▸ **EXERCISE**
From the line containing "15.87%」「3ヶ月前 11.77%」「1ヶ月前 19.11%」と回答。" down to the last line of the entries, print each line exactly and leave the pictures out.

┌─ STORED DATA

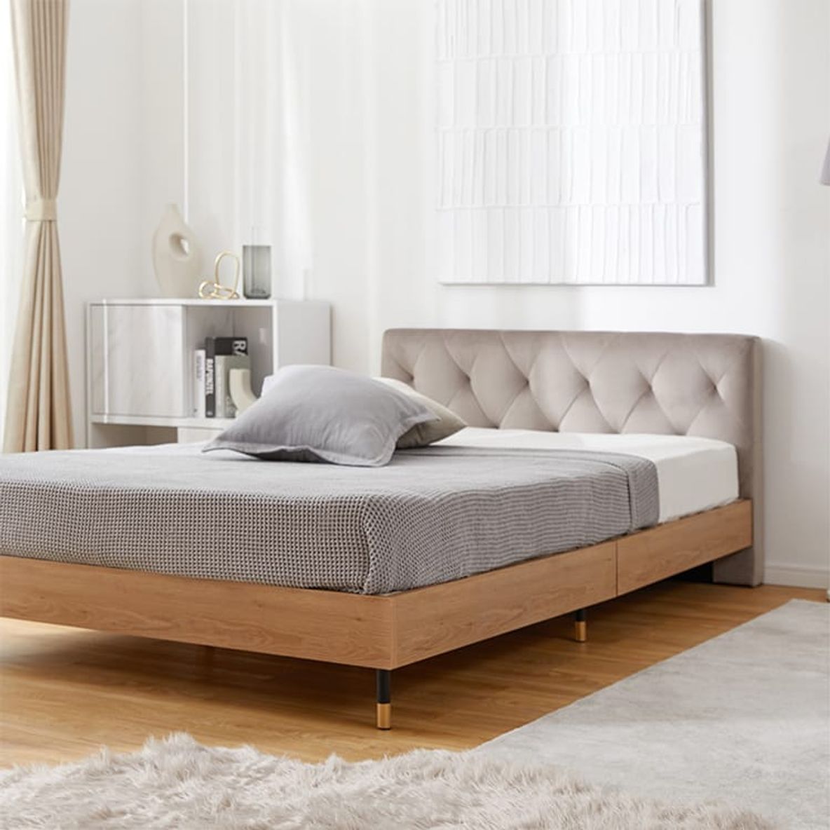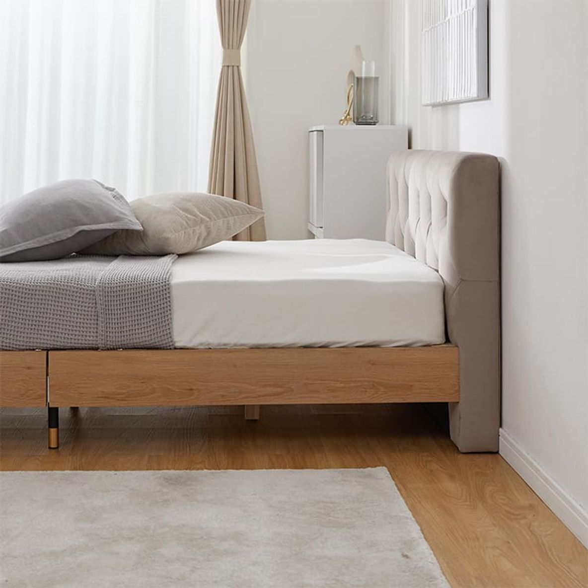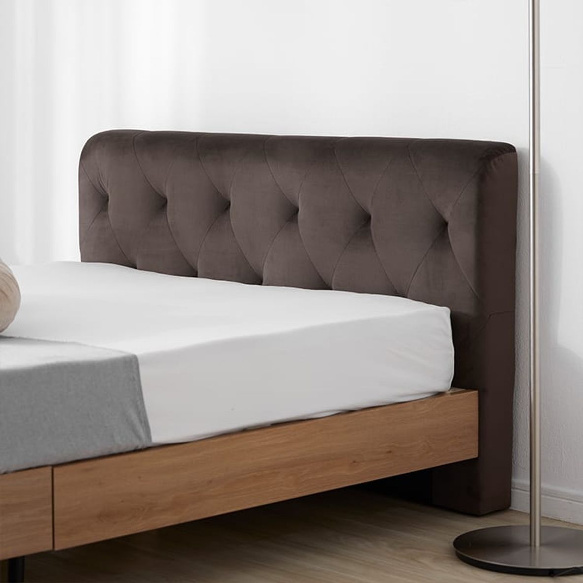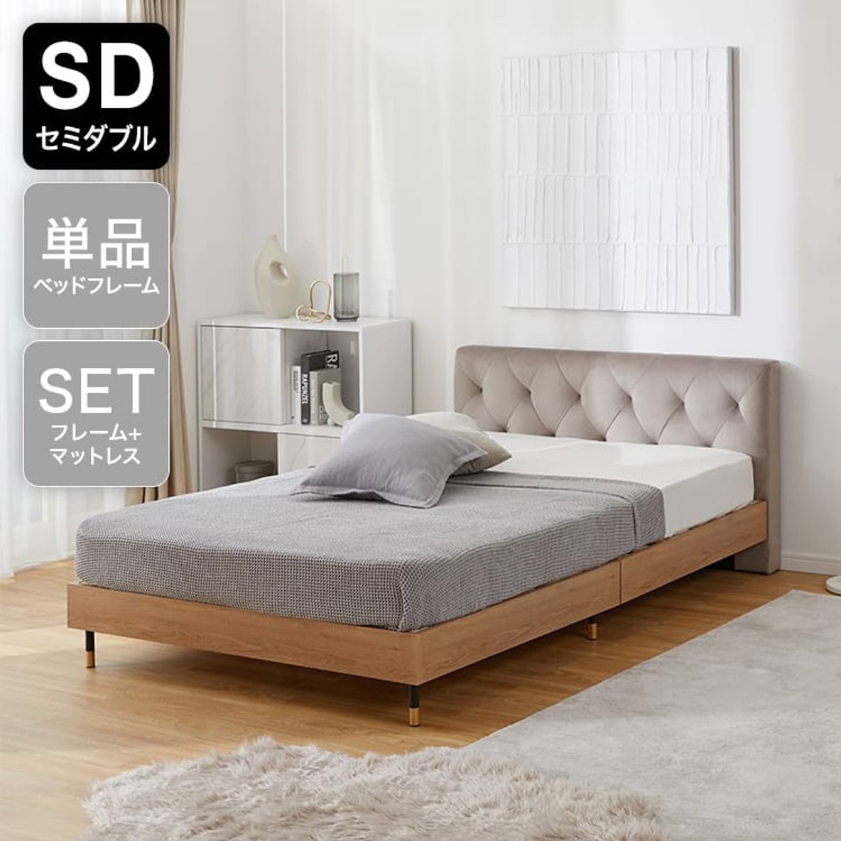 ベルベット調ヘッドボード 木製ベッドフレーム [SD]
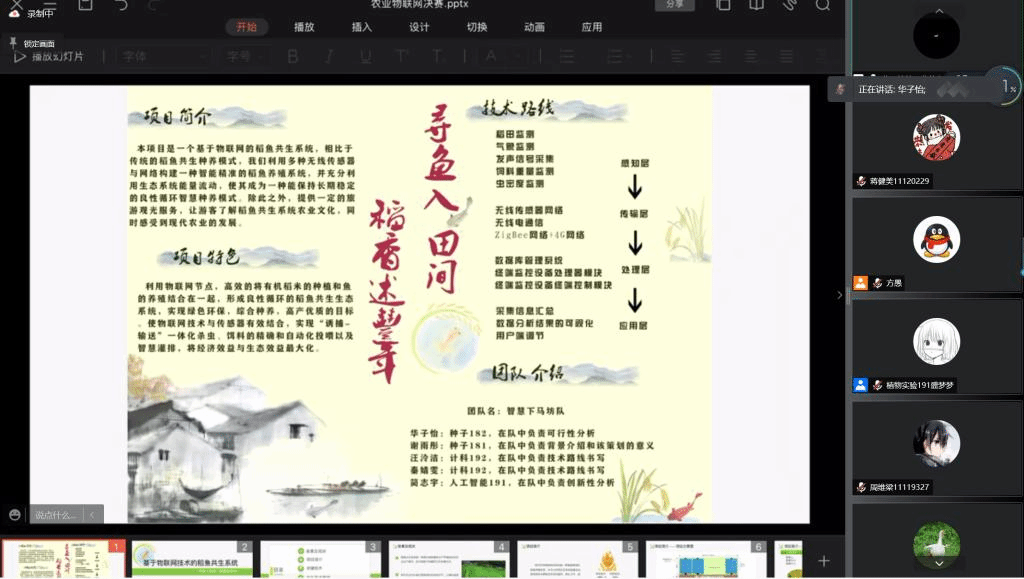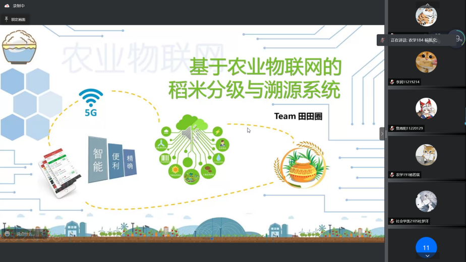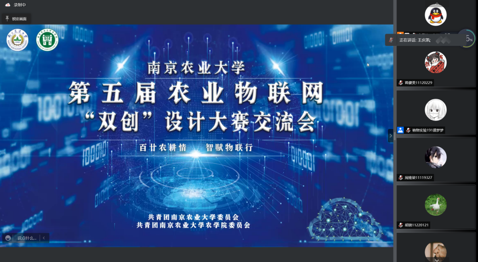 2月19日下午,51吃瓜网 第五届农业物联网“双创”大赛赛前交流会依托腾讯会议平台顺利举行,本科生辅导员孙小雯、参赛队伍成员参与会议。往届比赛优秀参赛者杨凯文、华子怡、王庆凯应邀进行参赛经验与体会分享。会议由51吃瓜网 科学与技术协会主席方愚主持。会议邀请到了第四届农业物联网“双创”大赛一等奖获得者杨凯文同学、二等奖获得者华子怡、王庆凯同学,从参赛者角度为参赛队伍分享比赛经验。本次会议由51吃瓜网 科协与技术协会主办,共26支队伍参与了此次会议。
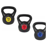 - Set of 3 Kettlebells: Wide Grip 3-Piece Kettlebell Exercise Fitness Weight Set, Include 10 lbs, 15 lbs and 20 lbs
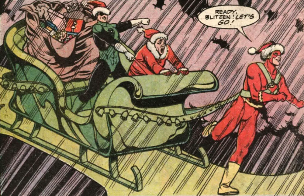 Questi è un albo antologico che vede storie scritte da vari autori. In particolare in Roll call di Bill Loebs per i disegni di Colleen Doran, Flash, in quel caso Barry Allen, e Lanterna Verde, in quel caso Hal Jordan, a un certo punto portano a spasso un tizio vestito da Babbo Natale a bordo di una slitta.
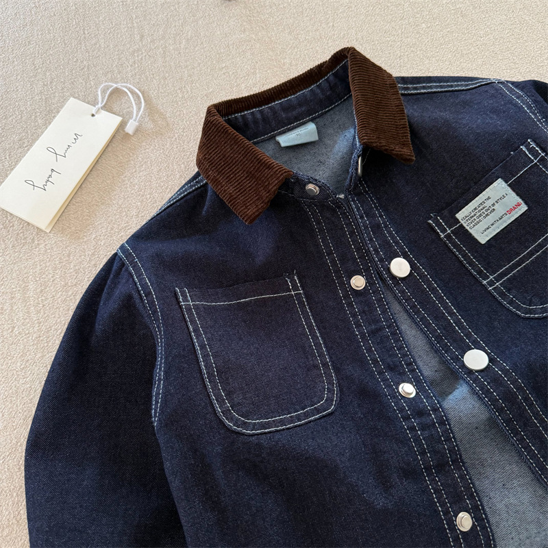 50103SE-秋季男女童百搭拼接牛仔襯衫外套
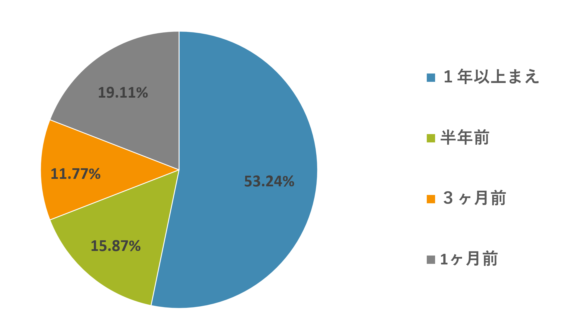 「ℚ2で購入・レンタル・誰かのお古と答えた方にお伺いします。イベントのどれくらい前に着物や袴を用意しますか。」に対し、「1年以上まえ 53.24%」「半年前 15.87%」「3ヶ月前 11.77%」「1ヶ月前 19.11%」と回答。
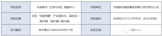 运营商财经网了解到,今年年初,中国移动(甘肃·庆阳)数据中心用地规划许可证通过审批,根据文件,甘肃移动申报的庆阳数据中心建设位于“东数西算”园区内,用地面积为33333.33平方米,合50亩。与之前公布的占地面积不同,或许这只是一期建设的用地规划。
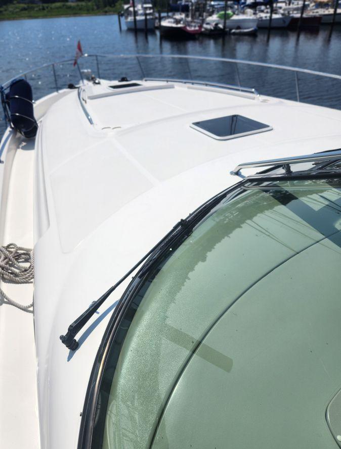 Flag blue fiberglass hull; White deck and deck-house with White boottop, Black bottom paint; Sea Dek non-skid (2023); electric/hydraulic dinghy Freedom Lift on the swim platform; Cockpit hard-Top; Full Cockpit Enclosure (2024); Vetus bow-thruster; stainless steel railing from the cockpit forward; 2 hatches; 10 opening ports w/ screens.
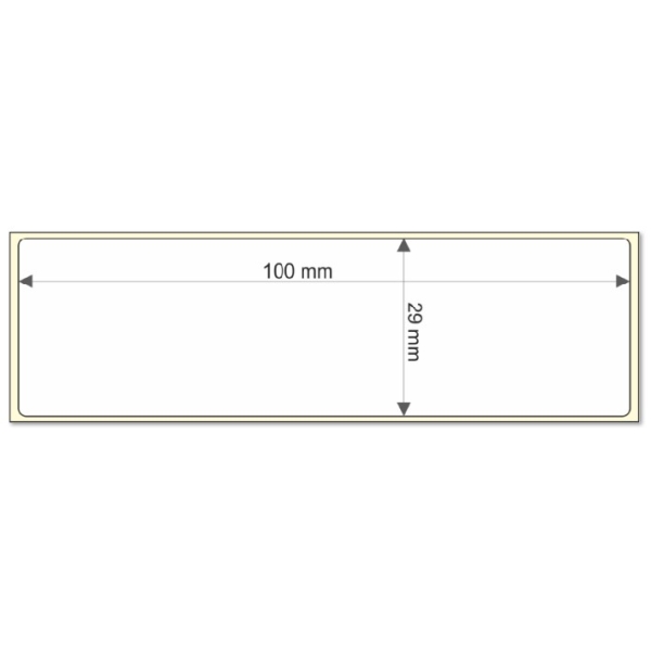 Rollo de etiquetas 100×29 mm, Pp Blanco Brillo Inkjet, Adhesivo Permanente Muy Fuerte, Rectangular Cantos Romos , Rollos de 1.000 etiquetas. Presentación bobinas: Pequeña – Ext 40 127

└─

▸ **TASK RESULT**
 「ℚ2で購入・レンタル・誰かのお古と答えた方にお伺いします。イベントのどれくらい前に着物や袴を用意しますか。」に対し、「1年以上まえ 53.24%」「半年前 15.87%」「3ヶ月前 11.77%」「1ヶ月前 19.11%」と回答。
 运营商财经网了解到,今年年初,中国移动(甘肃·庆阳)数据中心用地规划许可证通过审批,根据文件,甘肃移动申报的庆阳数据中心建设位于“东数西算”园区内,用地面积为33333.33平方米,合50亩。与之前公布的占地面积不同,或许这只是一期建设的用地规划。
 Flag blue fiberglass hull; White deck and deck-house with White boottop, Black bottom paint; Sea Dek non-skid (2023); electric/hydraulic dinghy Freedom Lift on the swim platform; Cockpit hard-Top; Full Cockpit Enclosure (2024); Vetus bow-thruster; stainless steel railing from the cockpit forward; 2 hatches; 10 opening ports w/ screens.
 Rollo de etiquetas 100×29 mm, Pp Blanco Brillo Inkjet, Adhesivo Permanente Muy Fuerte, Rectangular Cantos Romos , Rollos de 1.000 etiquetas. Presentación bobinas: Pequeña – Ext 40 127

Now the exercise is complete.